- _WHAT THIS TASK INVOLVES_: In the records below, find the line with "Dřevostavbu Easy 40" and repeat exactly every line from it through the line with "be transformed into". Pictures stay out.
++++ DATA FOR PROCESSING ++++
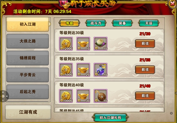 新手初入江湖,一定不能错过游戏内配套的养成激励活动。新手活动和新服活动的奖励十分丰厚,新手可以完全跟随活动任务的引导进行养成,领取大量额外奖励。同时新手新服活动也会开放对应的养成折扣礼包,可以高性价比购入大量养成材料。
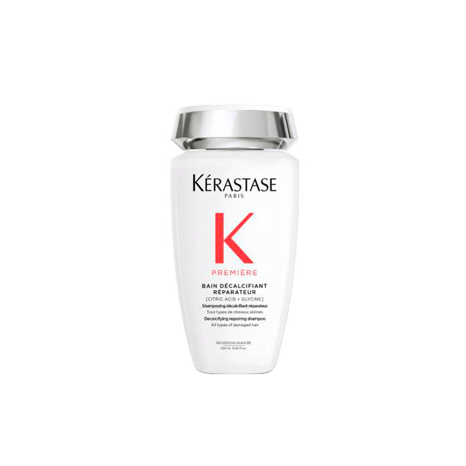 Kérastase Première Bain Décalcifiant 500ml to szampon odwapniający i regenerujący, zaprojektowany dla wszystkich rodzajów włosów, które były poddane intensywnym procesom lub są uszkodzone. Ten profesjonalny produkt jest wolny od sulfatów i zapewnia delikatne oczyszczenie zarówno włosów, jak i skóry głowy.
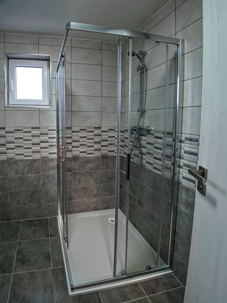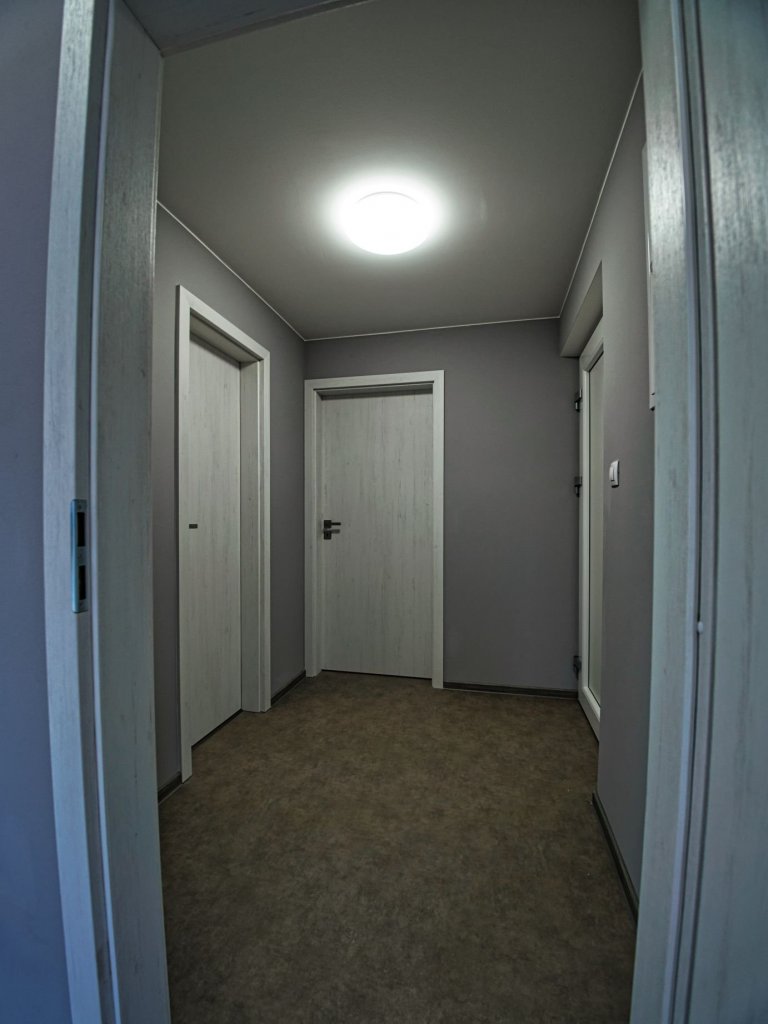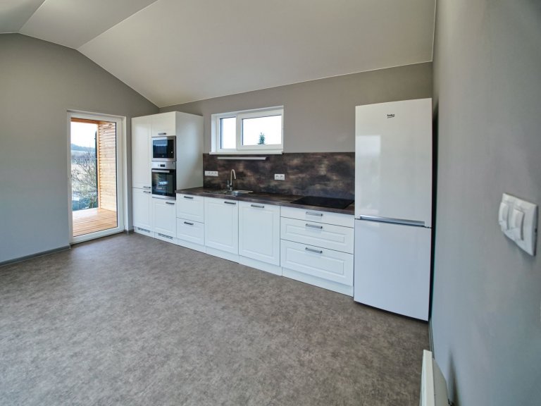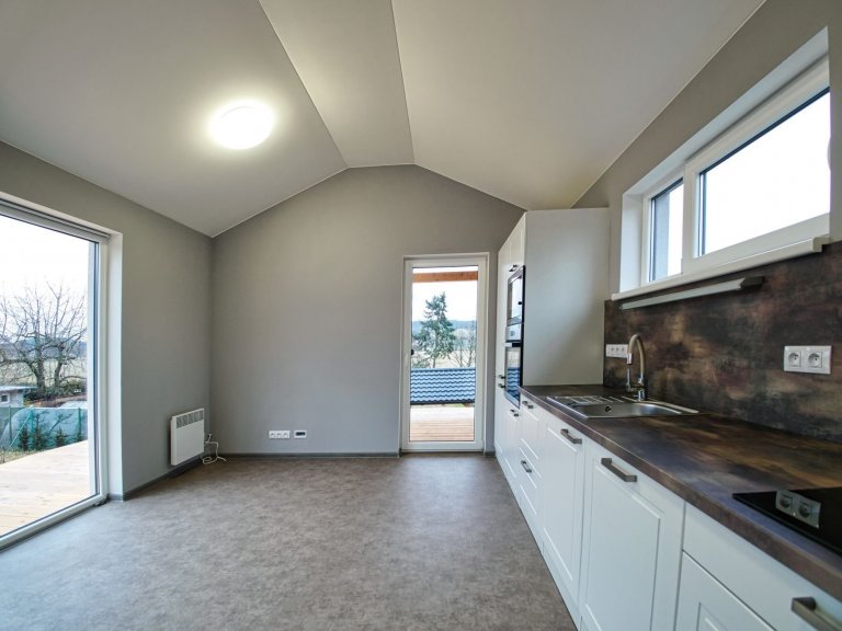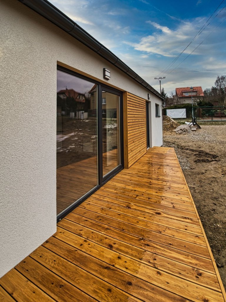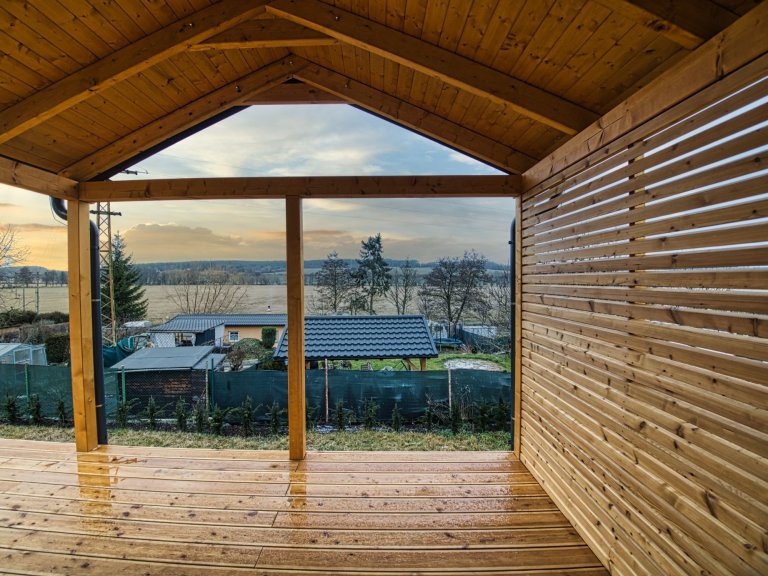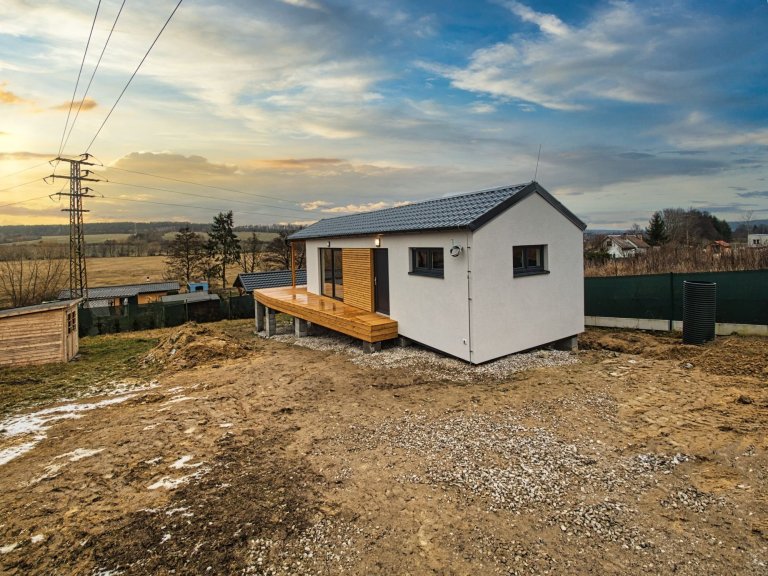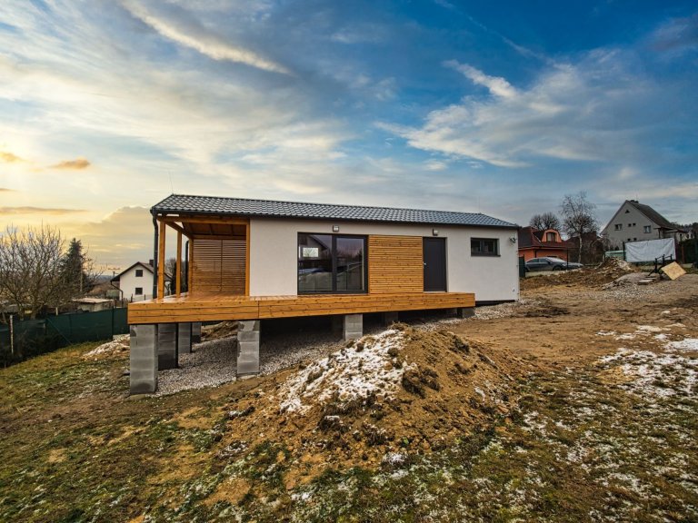 Dřevostavbu Easy 40 jsme postavili na velmi svažitém pozemku v Záluží, jen přes křižovatku od naší výrobní haly. Po dokončení stavby včetně terasy s pergolou, která prodlužuje obývací část a nabízí krásný výhled, se zhotovilo ještě zábradlí k terase, schody, lavička na terasu ze sibiřského modřínu a na závěr fasádní sokl, který zakryl vysoké betonové základové patky. Dřevostavba v interiéru laděná do šediva bude využívána k rekreačním účelům.
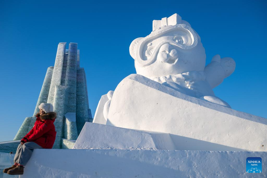 A visitor poses for photos with a snow sculpture of "Nini," mascot of the 2025 Asian Winter Games, at the Harbin Ice-Snow World in Harbin, capital of northeast China's Heilongjiang Province, Jan. 3, 2025. Harbin, with many snow sculptures across the city, has emerged as one of China's top winter travel destinations, attracting tourists from around the globe. (Xinhua/Zhang Tao)
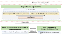 where \(y_i^{rs}\) is the trade flows of sector i from region r to region s, \(e^{\beta _0}\) is the constant proportionality, \(x_i^{rO}\) is the total outflows of sector i from region r, \(x_i^{Os}\) is the total inflows of sector i to region s, d rs is the distance between region r and region s (we use the distance between the capital cities of the two provinces in the study), β 1 and β 2 are weights assigned to the masses of origin and destination, respectively, and β 3 is the distance decay parameter. Equation (1) can be transformed into
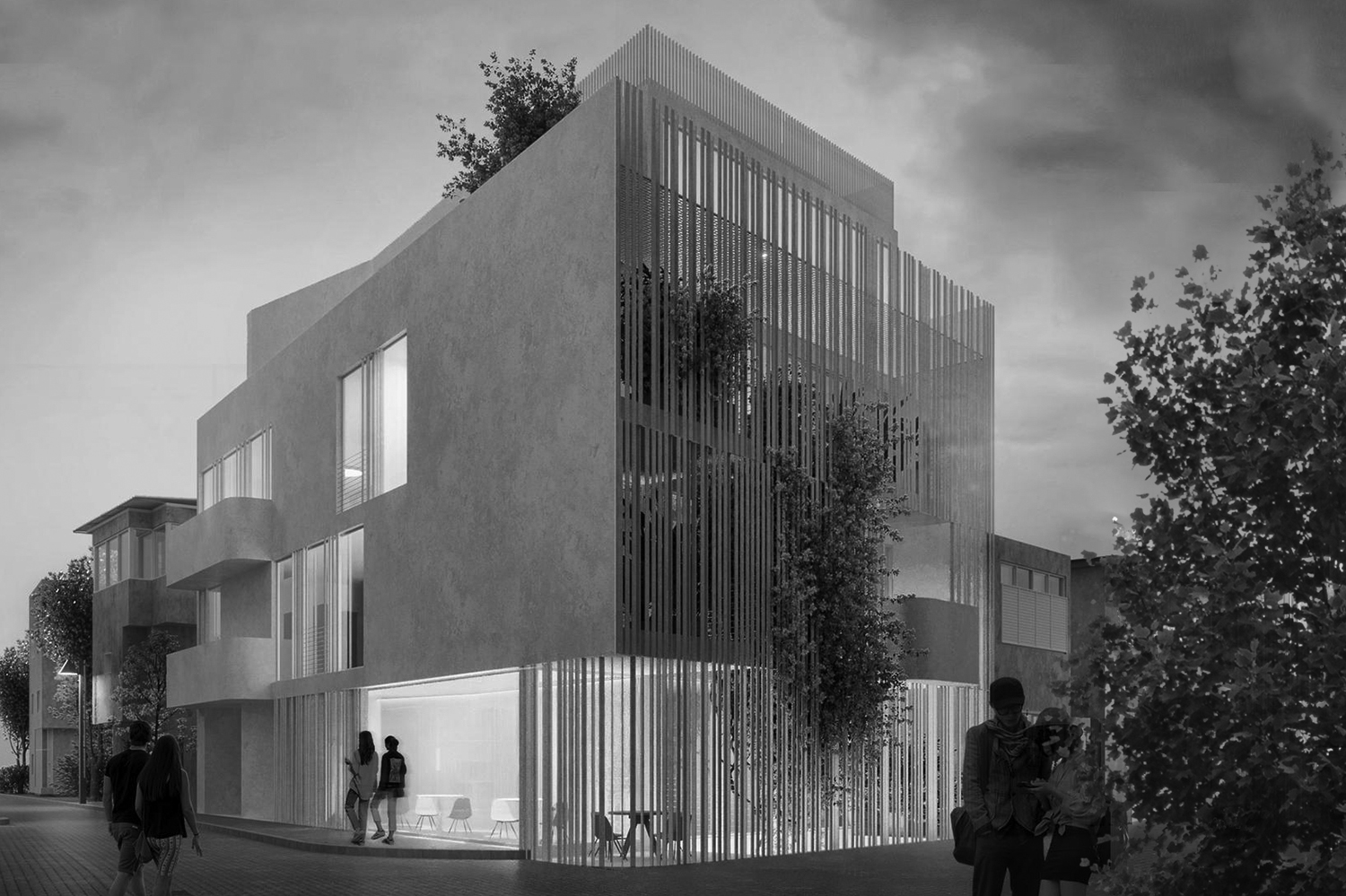 The glass building surrounds the lot with a blurred row, fence, of u-glass, imagined as a garden of wandering plants and herbs that climb and traverse every edge. Y/K building is located between the sea and the Carmel Market in Kerem HaTeimanim, in Hebrew כֶּרֶם הַתֵּימָנִים means the Vineyard of…
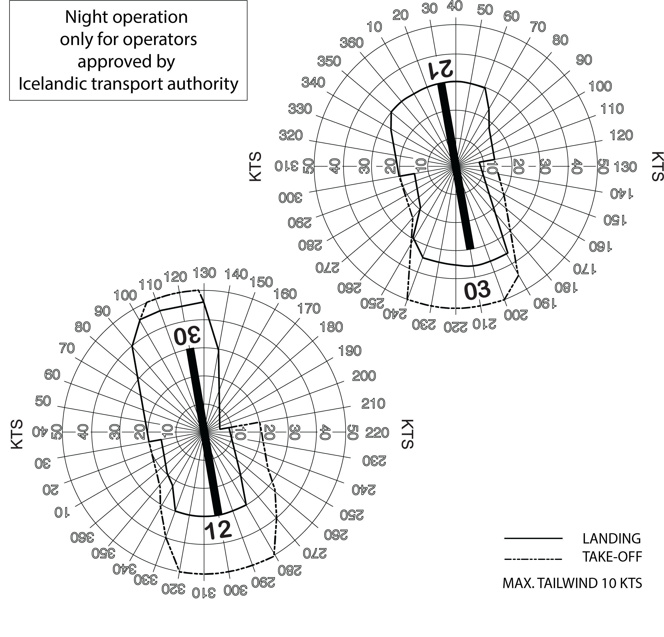 If the obstruction light at Heimaklettur is inoperative and the AFIS can confirm the ceiling is more than 700 feet, only runways 12/30 are permitted for takeoff and landing, and runway 21 for takeoff but runway 03 is closed both for takeoff and landing and runway 21 for landing. circling north of the islands is prohibited. Circling north of the islands are only permitted if all the obstruction lights are functioning.
++++
- _ANSWER BOX_:
 Dřevostavbu Easy 40 jsme postavili na velmi svažitém pozemku v Záluží, jen přes křižovatku od naší výrobní haly. Po dokončení stavby včetně terasy s pergolou, která prodlužuje obývací část a nabízí krásný výhled, se zhotovilo ještě zábradlí k terase, schody, lavička na terasu ze sibiřského modřínu a na závěr fasádní sokl, který zakryl vysoké betonové základové patky. Dřevostavba v interiéru laděná do šediva bude využívána k rekreačním účelům.
 A visitor poses for photos with a snow sculpture of "Nini," mascot of the 2025 Asian Winter Games, at the Harbin Ice-Snow World in Harbin, capital of northeast China's Heilongjiang Province, Jan. 3, 2025. Harbin, with many snow sculptures across the city, has emerged as one of China's top winter travel destinations, attracting tourists from around the globe. (Xinhua/Zhang Tao)
 where \(y_i^{rs}\) is the trade flows of sector i from region r to region s, \(e^{\beta _0}\) is the constant proportionality, \(x_i^{rO}\) is the total outflows of sector i from region r, \(x_i^{Os}\) is the total inflows of sector i to region s, d rs is the distance between region r and region s (we use the distance between the capital cities of the two provinces in the study), β 1 and β 2 are weights assigned to the masses of origin and destination, respectively, and β 3 is the distance decay parameter. Equation (1) can be transformed into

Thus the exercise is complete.